Question
Question: Prior judges issued rulings concerning quarries; the madhhab is known not to validate sales of rights, and quarries are rights. What justifies those rulings? Are they valid?
Answer
Answer: The sale of rights is a matter of ijtihād; thus, one does not denounce a judge who ruled for its validity.
Moreover, judges may have considered custom among people regarding quarries and wild growth, noting that litigants willingly sought judgment according to that ʿurf, content with rulings issued on that basis. By submitting to the judge, they effectively ask to be judged by the prevailing custom;
the judge is thus like an agent for the disputants to resolve their matter by what they agreed to, not otherwise. The parties’ consent to be bound by custom gives the judge warrant to rule accordingly.
If it is said: Allah, Exalted is He, says, “Whoever does not judge by what Allah has sent down—they are disbelievers” [al-Māʾida:44].

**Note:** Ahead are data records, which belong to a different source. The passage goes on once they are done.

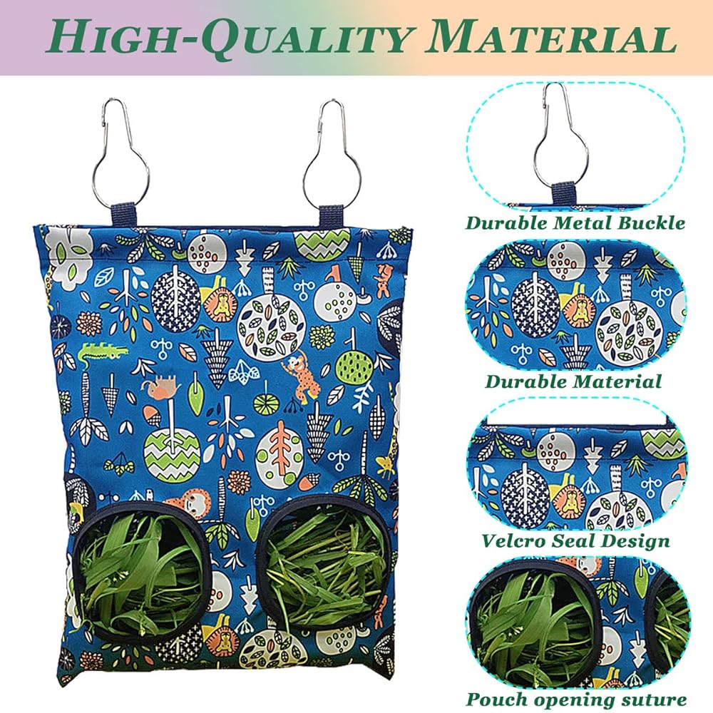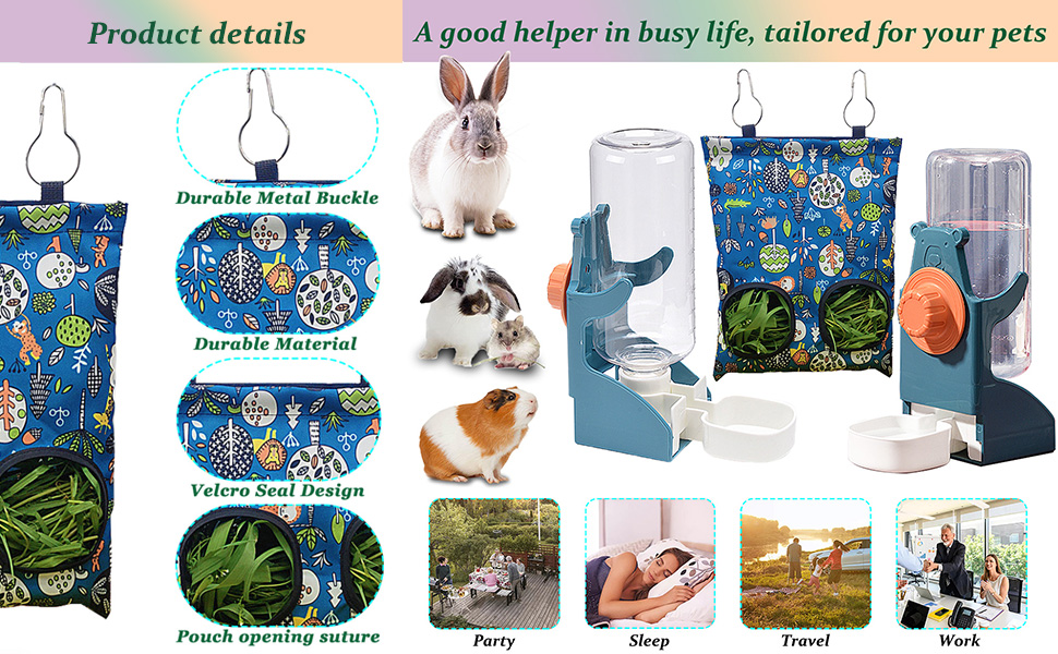 ✅【Safe and Environmental Material】: BPA-Free. Our water dispenser uses food grade plastic material, non-toxic odor free, so that your pet away from the harm of poor plastic. This premium hay feeder is made from 600D Oxford fabric and has reinforced the edges of the holes to ensure a durable and long-lasting haystack bag for your precious pet. High quality hay feed is sewn tightly, resistant to wear and tear, and prevents the haystack from being torn by small pets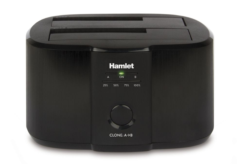 Hamlet USB 3.0 Docking Station per hard disk sata da 2,5'' o 3,5'' usb 3.0. Capacità massima di memoria: 4 TB. Colore del prodotto: Nero, Materiali: Alluminio, Plastica, Indicatori LED: Attività. Larghezza: 142 mm, Profondità: 103 mm, Altezza: 83 mm. Sistema operativo Windows supportato: Windows 10 Education, Windows 10 Education x64, Windows 10 Enterprise, Windows 10 Enterprise x64,..., Compatibilità sistema operativo Mac: Mac OS X 10.4 Tiger, Mac OS X 10.5 Leopard, Mac OS X 10.6 Snow Leopard, Mac OS X 10.7 Lion, Mac OS.... Cavi inclusi: USB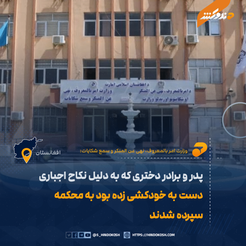 مولوی سیفالاسلام خیبر، سخنگوی وزارت امر بالمعروف، نهی عن المنکر و سمع شکایات میگوید که پدر و برادر بزرگ دختری به نام فرشته در زابل که به دلیل نکاح اجباری خودکشی کرده بود، به محکمه سپرده شدهاند.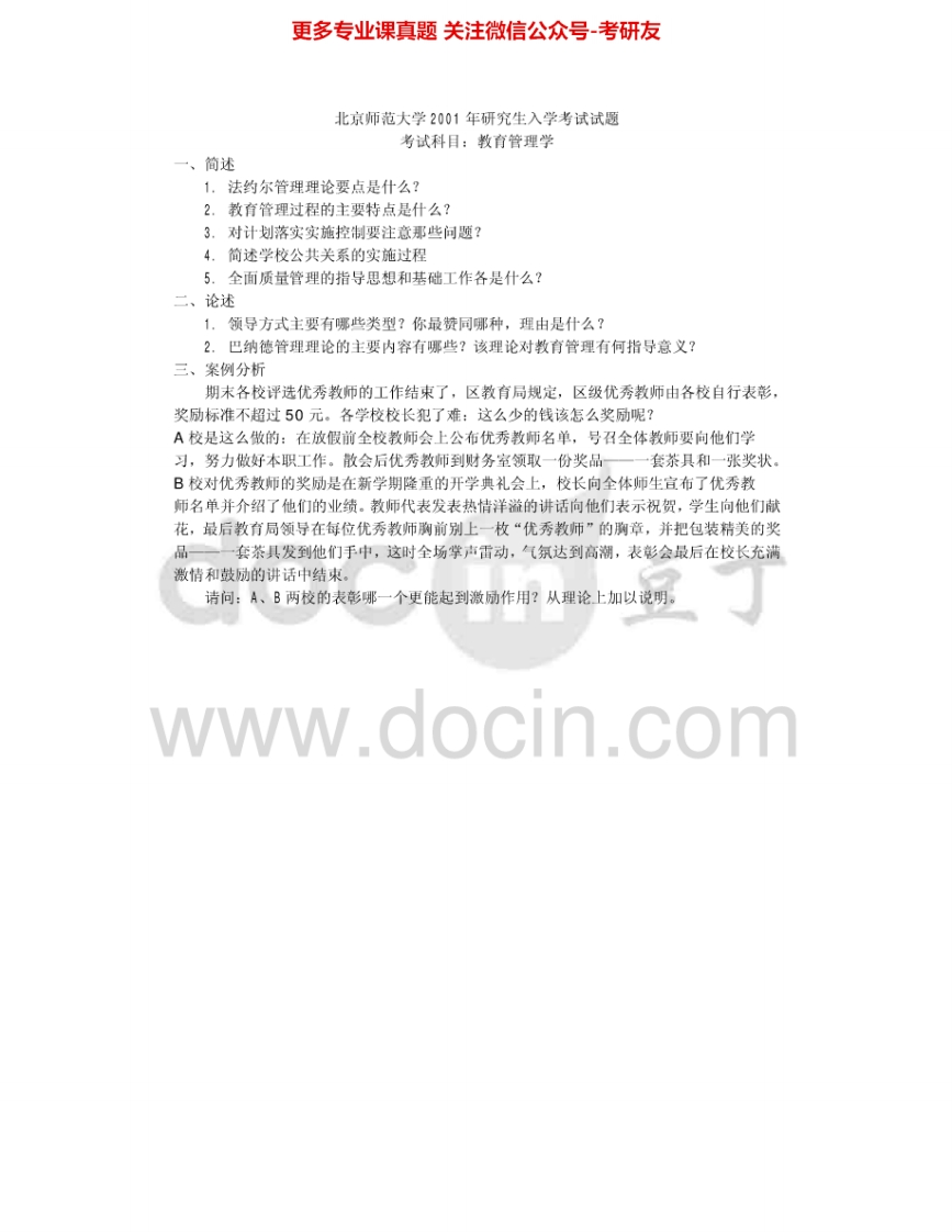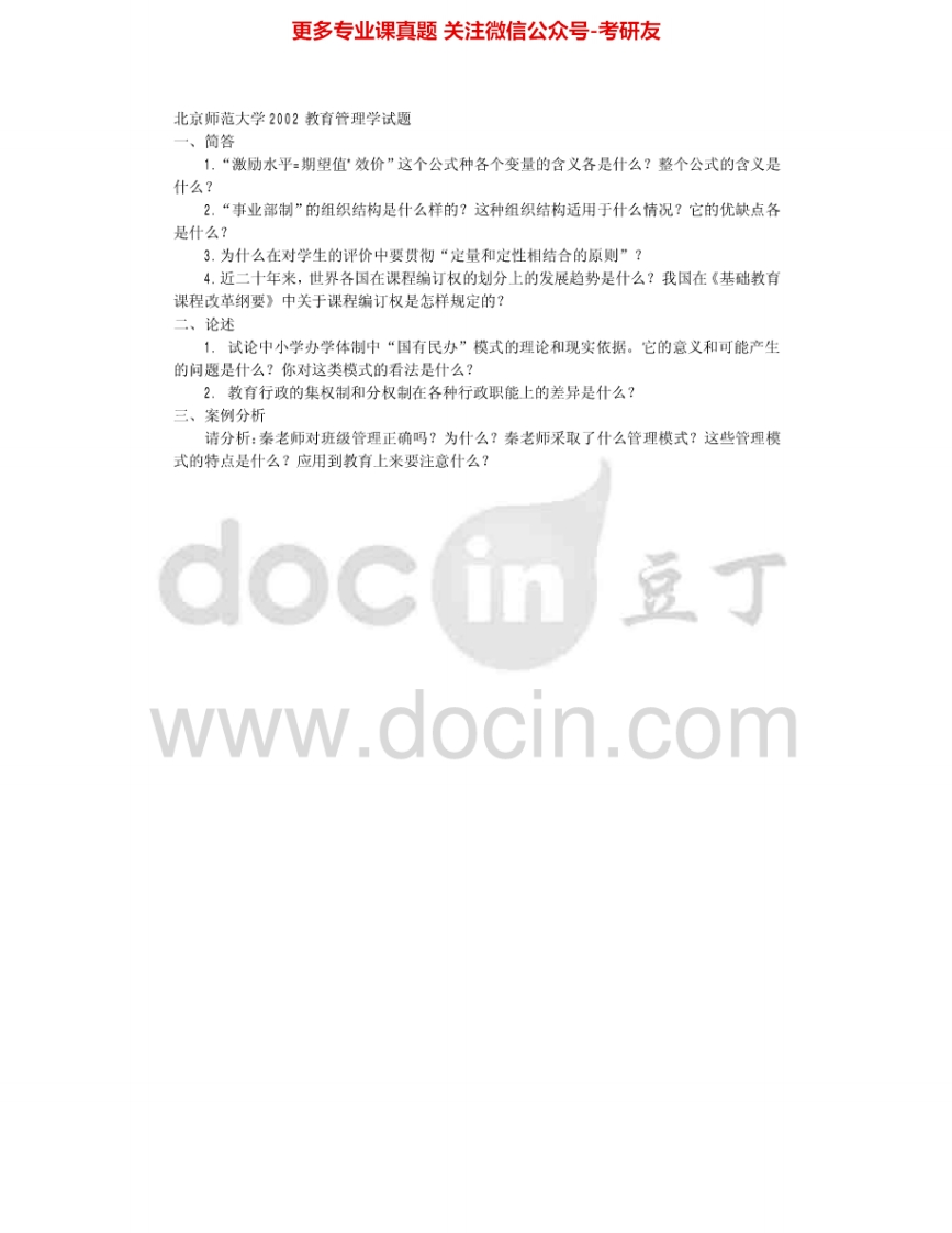 北京师范大学878教育管理学1998-1999、2001-2005考研真题汇编.Image.Marked猴哥6个月前发布关注私信0.95MB8页05822北京师范大学878教育管理学1998-1999、2001-2005考研真题汇编.Image.Marked此内容为免费资源,请登录后查看¥0 登录查看免费资源 第1页 / 共8页 第2页 / 共8页 第3页 / 共8页 第4页 / 共8页 第5页 / 共8页 该文档为免费文档,您可直接下载完整版进行阅读 © 版权声明文章版权归作者所有,未经允许请勿转载。THE END考研专业课 喜欢就支持一下吧点赞22赞赏 分享QQ空间微博QQ好友海报分享复制链接收藏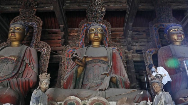 日前,建于1020年的遼寧錦州義縣奉國寺開始進(jìn)行彩繪泥塑一期保護(hù)修復(fù)工程。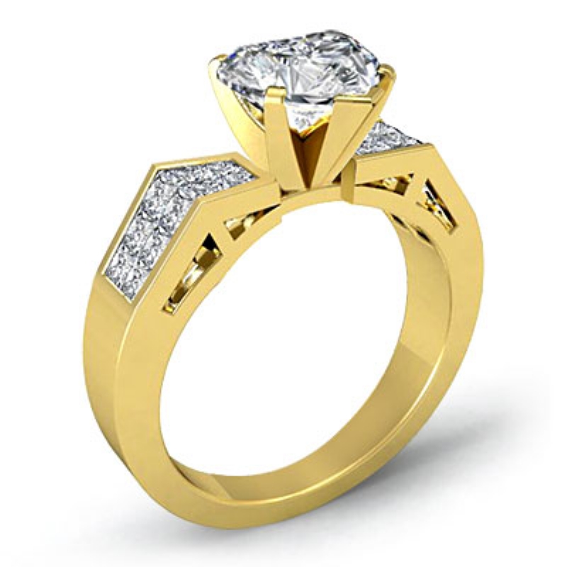 0.68Ct Princess Diamond Women Engagement Ring Invisible 18k Yellow Gold Semi Mount.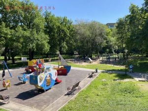 Расположен у озера с утками, с великолепным сквером для прогулок, с детскими и спортивными площадками.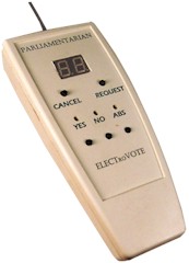 and off, for displaying the vote and for resetting the system for a If the "lockout" mode is activated the vote choices made by each Voting Module can be changed only until the vote has been displayed. Thereafter, they cannot. To cancel this mode follow the directions given in the Programming and Operating Instructions. Also, on the back surface is a six conductor modular jack used for the connection to a desktop printer.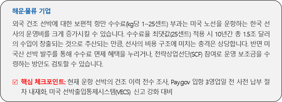 • 보편적 항만 수수료 : 외국 건조 선박의 미국 입항 시 화물 중량 기준 kg당 1~25센트 부과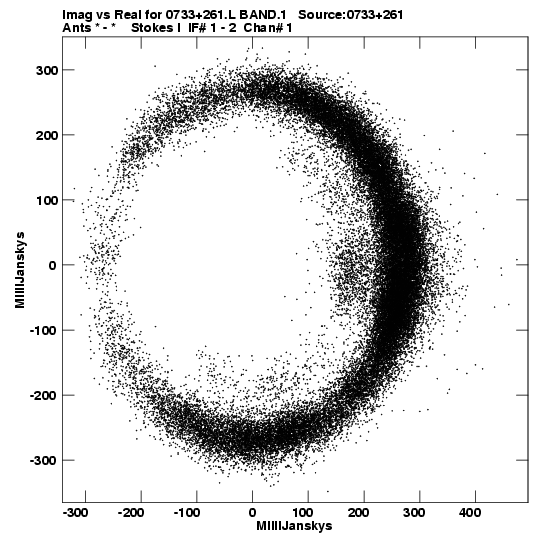 • Links is a collection of links that will show you the GIF uv-coverage and visibility plot for this data set in pop-up windows. See the README file on how to interpret these plots. They'll also get you to the project pipelining scripts and information log files as well as the full multi-source archive data on this project.
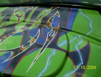 -custom tribal airbrush on hood - yellow and black cheetah, carbon fiber, blue marble, and lightning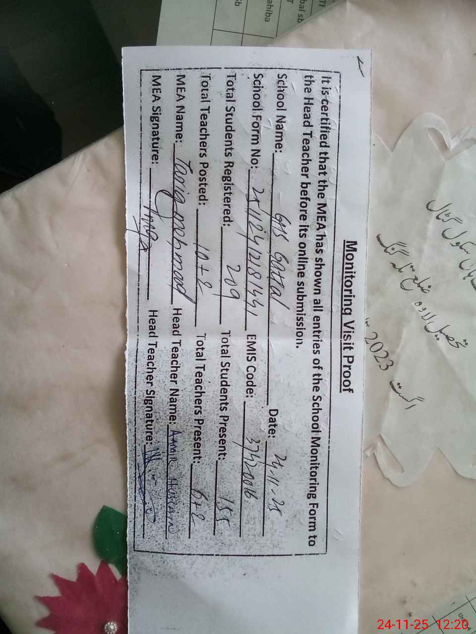 | EMIS Code: 37420016 | Name of School: GHS GATTAL | |||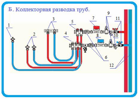 - Коллекторная (лучевая). Данная схема более сложная и отличается наличием двух коллекторов, используемых для холодной и горячей воды, от которых отводятся отдельные трубы к каждому потребителю или водозаборной точке. Подобное решение подходит для домов с большим числом устройств водопотребления, несколькими санузлами и др.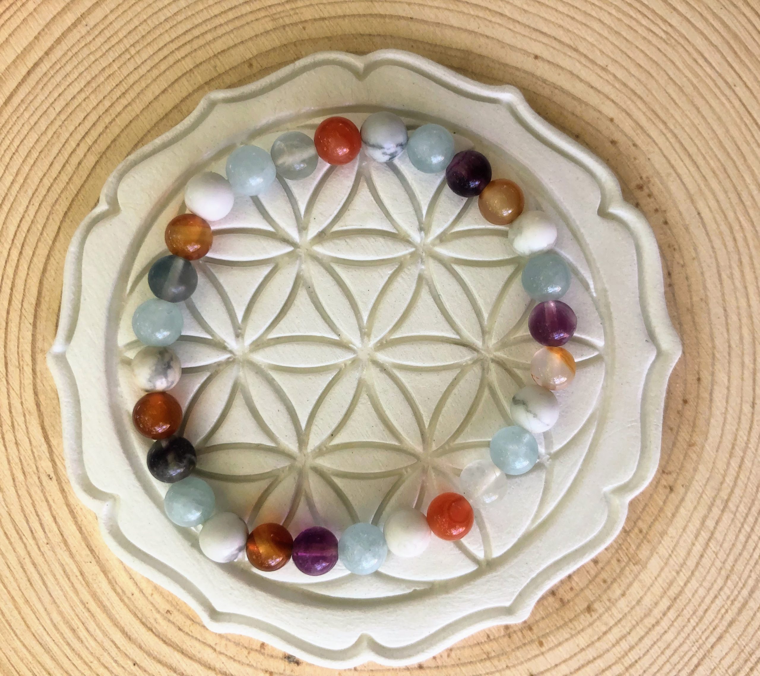 La géométrie sacrée de la Fleur de Vie aide à rétablir l’équilibre intérieur et à harmoniser les énergies environnantes. Vous pourrez nettoyer et recharger vos pierres tout simplement en les laissant poser dessus et harmoniser votre espace ou votre eau. Mes créations allient esthétisme et bien-être. En intégrant le symbole de la Fleur de Vie dans votre vie quotidienne, vous invitez des énergies positives et bienfaisantes qui contribuent à votre bien-être global.

We say: in such cases, judgment is by what Allah sent down, because the parties’ consent and commitment to the terms of ʿurf are a legal pathway for adjudication and binding orders: one litigant says, “If my opponent’s document is valid, I accept to hand over the disputed matter,” or “Let my opponent swear his deed is valid, and I will concede and relinquish my claim,” and the other opponent says like that, and the judge assesses the validity and priority of documents and when to require an oath.